Funding. The JHS is supported by contracts HHSN268201300046C, HHSN268201300047C, HHSN268201300048C, HHSN268201300049C, and HHSN268201300050C from the National Heart, Lung, and Blood Institute and the National Institute on Minority Health and Health Disparities. This study was also supported by grant R01-HL-117285 from the National Heart, Lung, and Blood Institute.

Duality of Interest. No potential conflicts of interest relevant to this article were reported.

Author Contributions. V.S.E. contributed to the study methodology, performed data analysis and literature review, discussed the findings, and wrote the manuscript. A.C. edited the manuscript and performed a critical review. H.C. contributed to study methodology and data analysis.

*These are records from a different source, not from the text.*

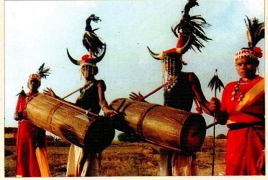
आदिवासी नृत्य (बस्तर)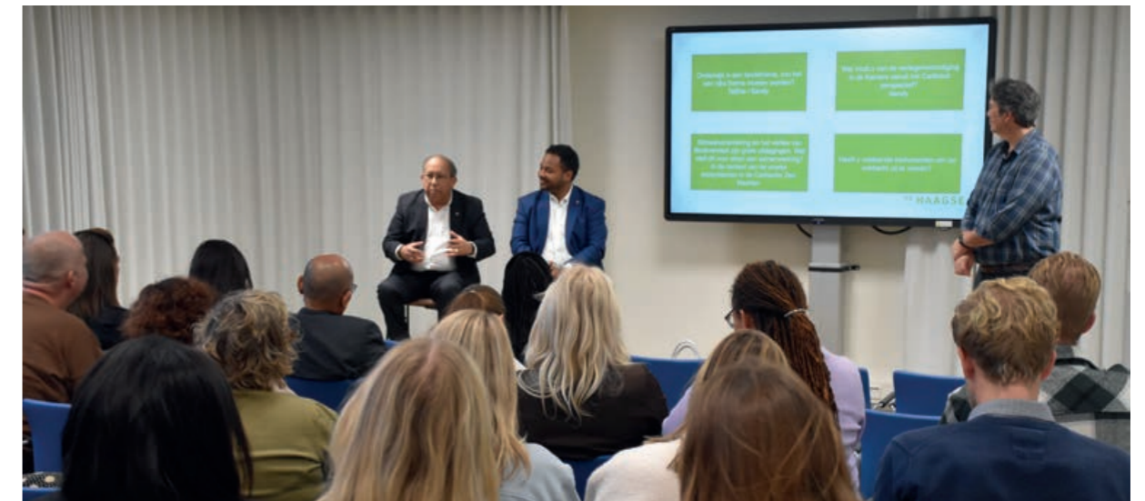
Presentatie bij het programma Minor Koninkrijksrelatie bij de Haagse Hogeschool

Tussen het Kabinet van de Gevolmachtigde Minister van Aruba en de Haagse Hogeschool bestaat al jaren een hechte relatie, vooral met de studiegroep Bestuur, Recht en Veiligheid en in het bijzonder met het programma Minor Koninkrijkszaken.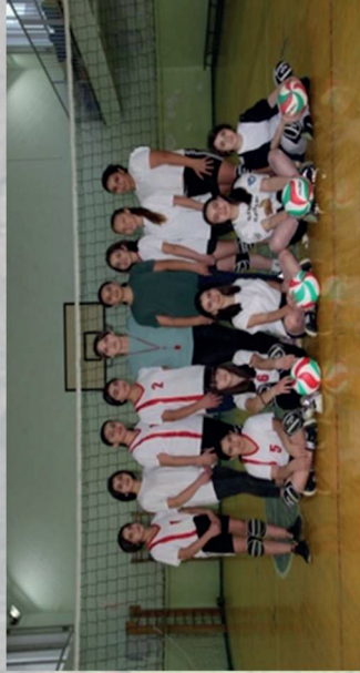
Volleyball Jugendsportschule, JG 2008-2009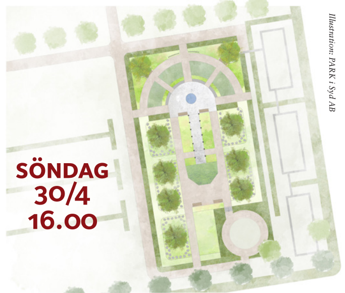
Illustration: PARK i Syd AB

Efter hösten och vinterns anläggningsarbete är det nu dags att inviga kyrkogårdens nya inslag med ceremoniplats och askgravkvarter. Notera datum och tid nu. Vi återkommer med mer information i våra övriga kanaler.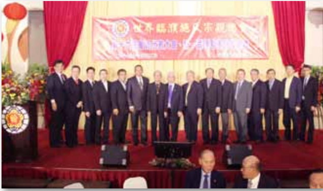
参加世界临濮施氏宗亲总会第16届理监事就职典礼集体照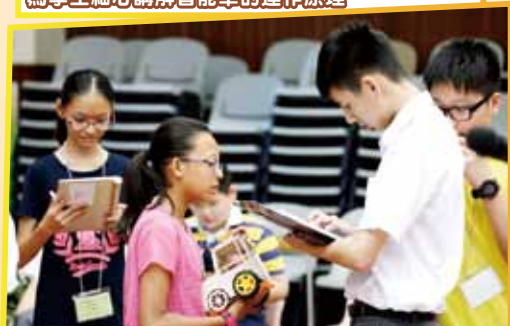
靚中學生擔任助教，指導小學生操作平板電腦及解答其查詢

M.E.L. edited and reviewed the manuscript. A.G.B. contributed to the study conception, edited the manuscript, and performed a critical review of the manuscript. V.S.E. is the guarantor of this work and, as such, had full access to all the data and takes responsibility for the integrity of the data and the accuracy of the data analysis.

Prior Presentation. Parts of this study were presented as a poster at the American Heart Association Epidemiology Lifestyle 2015 Scientific Sessions, Baltimore, MD, 3–6 March 2015.